ACTIVITY: Find the word "Tether" in the listing; pull out each line holding it.
+++
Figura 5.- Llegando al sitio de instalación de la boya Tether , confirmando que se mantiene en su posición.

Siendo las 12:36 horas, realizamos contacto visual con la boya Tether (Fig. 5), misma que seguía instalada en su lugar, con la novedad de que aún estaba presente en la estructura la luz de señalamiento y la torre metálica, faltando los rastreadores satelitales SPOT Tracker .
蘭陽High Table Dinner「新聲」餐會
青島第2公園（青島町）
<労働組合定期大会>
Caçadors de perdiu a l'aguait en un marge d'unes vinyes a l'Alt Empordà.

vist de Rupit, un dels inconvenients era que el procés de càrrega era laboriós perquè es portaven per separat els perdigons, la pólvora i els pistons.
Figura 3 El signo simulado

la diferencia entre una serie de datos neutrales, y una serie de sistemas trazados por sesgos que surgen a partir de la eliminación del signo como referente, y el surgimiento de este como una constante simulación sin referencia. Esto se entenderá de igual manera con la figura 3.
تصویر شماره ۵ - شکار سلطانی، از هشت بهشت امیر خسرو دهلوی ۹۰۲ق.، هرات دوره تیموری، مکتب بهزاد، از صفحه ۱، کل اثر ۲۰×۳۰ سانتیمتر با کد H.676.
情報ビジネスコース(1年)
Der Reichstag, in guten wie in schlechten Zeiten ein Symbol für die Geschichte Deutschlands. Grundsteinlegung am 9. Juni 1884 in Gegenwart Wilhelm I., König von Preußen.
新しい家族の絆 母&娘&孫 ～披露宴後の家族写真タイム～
+++
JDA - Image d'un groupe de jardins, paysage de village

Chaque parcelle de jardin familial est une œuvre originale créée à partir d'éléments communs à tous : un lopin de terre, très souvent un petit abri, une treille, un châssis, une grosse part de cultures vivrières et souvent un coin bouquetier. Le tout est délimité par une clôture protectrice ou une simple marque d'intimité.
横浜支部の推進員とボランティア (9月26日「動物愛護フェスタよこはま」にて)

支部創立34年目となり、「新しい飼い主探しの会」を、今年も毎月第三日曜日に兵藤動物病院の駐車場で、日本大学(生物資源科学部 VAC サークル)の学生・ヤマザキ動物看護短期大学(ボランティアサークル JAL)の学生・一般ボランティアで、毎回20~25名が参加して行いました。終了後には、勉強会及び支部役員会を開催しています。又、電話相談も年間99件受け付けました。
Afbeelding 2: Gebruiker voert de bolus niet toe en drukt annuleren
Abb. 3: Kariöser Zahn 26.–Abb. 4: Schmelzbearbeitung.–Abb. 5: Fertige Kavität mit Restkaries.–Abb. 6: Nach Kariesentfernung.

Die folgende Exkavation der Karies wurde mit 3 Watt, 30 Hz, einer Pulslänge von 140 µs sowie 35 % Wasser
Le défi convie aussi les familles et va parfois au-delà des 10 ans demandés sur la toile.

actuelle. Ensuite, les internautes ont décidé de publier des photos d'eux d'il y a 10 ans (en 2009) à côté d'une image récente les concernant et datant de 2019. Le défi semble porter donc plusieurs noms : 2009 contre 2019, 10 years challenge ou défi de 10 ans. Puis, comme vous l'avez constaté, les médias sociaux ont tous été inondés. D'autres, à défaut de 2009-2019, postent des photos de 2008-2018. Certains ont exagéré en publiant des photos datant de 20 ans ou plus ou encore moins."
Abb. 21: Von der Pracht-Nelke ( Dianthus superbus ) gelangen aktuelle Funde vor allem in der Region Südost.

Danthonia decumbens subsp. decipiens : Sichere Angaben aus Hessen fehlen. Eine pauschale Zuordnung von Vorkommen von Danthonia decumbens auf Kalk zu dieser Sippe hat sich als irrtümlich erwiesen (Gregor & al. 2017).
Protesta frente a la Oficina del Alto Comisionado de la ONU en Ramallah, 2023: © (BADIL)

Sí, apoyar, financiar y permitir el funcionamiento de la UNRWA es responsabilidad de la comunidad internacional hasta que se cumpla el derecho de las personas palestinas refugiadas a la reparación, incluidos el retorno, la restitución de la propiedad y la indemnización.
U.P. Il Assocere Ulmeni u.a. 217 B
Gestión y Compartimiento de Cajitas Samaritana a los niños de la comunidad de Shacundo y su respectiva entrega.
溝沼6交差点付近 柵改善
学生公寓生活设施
+++
EXERCISE RESPONSE:
Figura 5.- Llegando al sitio de instalación de la boya Tether , confirmando que se mantiene en su posición.
Siendo las 12:36 horas, realizamos contacto visual con la boya Tether (Fig. 5), misma que seguía instalada en su lugar, con la novedad de que aún estaba presente en la estructura la luz de señalamiento y la torre metálica, faltando los rastreadores satelitales SPOT Tracker .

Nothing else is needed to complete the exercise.